The liquid pharmaceutical compositions of the present invention, whether in solution, suspension or other similar form, may include one or more of the following adjuvants, a sterile diluent such as water for injection, saline solution, preferably physiological saline, ringer's solution, isotonic sodium chloride; non-volatile oils such as synthetic monoglycerides or diglycerides which may be used as a solvent or suspending medium, polyethylene glycols, glycerol, propylene glycol, or other solvents; antibacterial agents such as methyl paraben and the like; antioxidants, such as ascorbic acid or sodium bisulfite; chelating agents, such as ethylenediaminetetraacetic acid; buffers such as acetate, citrate or phosphate; and agents for regulating tonicity, such as sodium chloride or dextrose; agents used as cryoprotectants, such as sucrose or trehalose. The parenteral preparation can be enclosed in ampoules, disposable syringes or multiple dose vials made of glass or plastic. Physiological saline is a preferred adjuvant. Injectable pharmaceutical compositions are preferably sterile.

The pharmaceutical compositions of the invention may be for topical use, in which case the carrier may suitably comprise a solution base, an emulsion base, an ointment base or a gel base. The matrix may comprise one or more of: petrolatum, lanolin, polyethylene glycols, beeswax, mineral oil, diluents such as water and alcohol, and emulsifiers and stabilizers. The thickening agent may be present in a pharmaceutical composition for topical use. If intended for transdermal use, the composition may comprise a transdermal patch or an iontophoretic device.

The pharmaceutical compositions of the present invention may include various materials that modify the physical form of the solid or liquid dosage form. The composition may include a material that forms an envelope around the active ingredient. The material forming the coating is generally inert and may be sugar, shellac and other enteric coating agents. Or the active ingredient may be encapsulated in a gelatin capsule.

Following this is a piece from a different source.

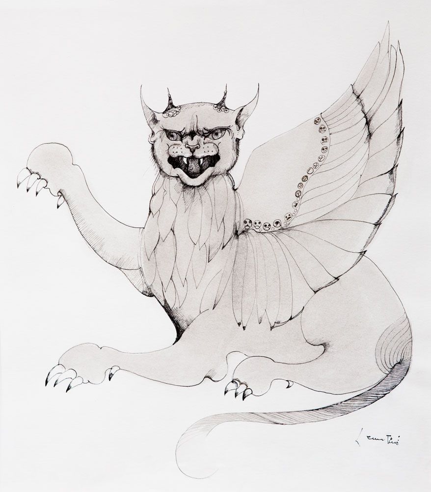 Chat Dragon (Miroir des Chats) - encre de Chine lavis - 1977 - 38 x 32 cm

The pharmaceutical compositions of the present invention in solid or liquid form may include a delivery vehicle for the compound in association with the compound of the present invention. Such vectors include monoclonal or polyclonal antibodies or proteins.

The pharmaceutical composition of the present invention may consist of a formulation that can be used as an aerosol. The term aerosol denotes both systems comprising colloidal properties and systems consisting of pressurized packages. Delivery may be by liquefied or compressed gas, or by a suitable pump system for dispersing the active ingredient. Aerosols of the compounds of the invention may be delivered as a single phase, biphasic system, or triphasic system for delivery of the active ingredient. The delivery of the aerosol includes the necessary containers, activators, valves, sub-containers, etc., which together may form a drug delivery device. One skilled in the art can determine the preferred aerosol without additional experimentation.

The pharmaceutical compositions of the present invention may be prepared by methods well known in the pharmaceutical arts. The lipid nanoparticles of the present invention may be prepared by combining the lipid nanoparticles with sterile distilled water or other carriers into a solution for injection. Surfactants may be added to facilitate the formation of a homogeneous solution or suspension. Surfactants are non-covalently interacted by the compounds of the present invention to facilitate dissolution or uniform suspension of the compounds in an aqueous medium.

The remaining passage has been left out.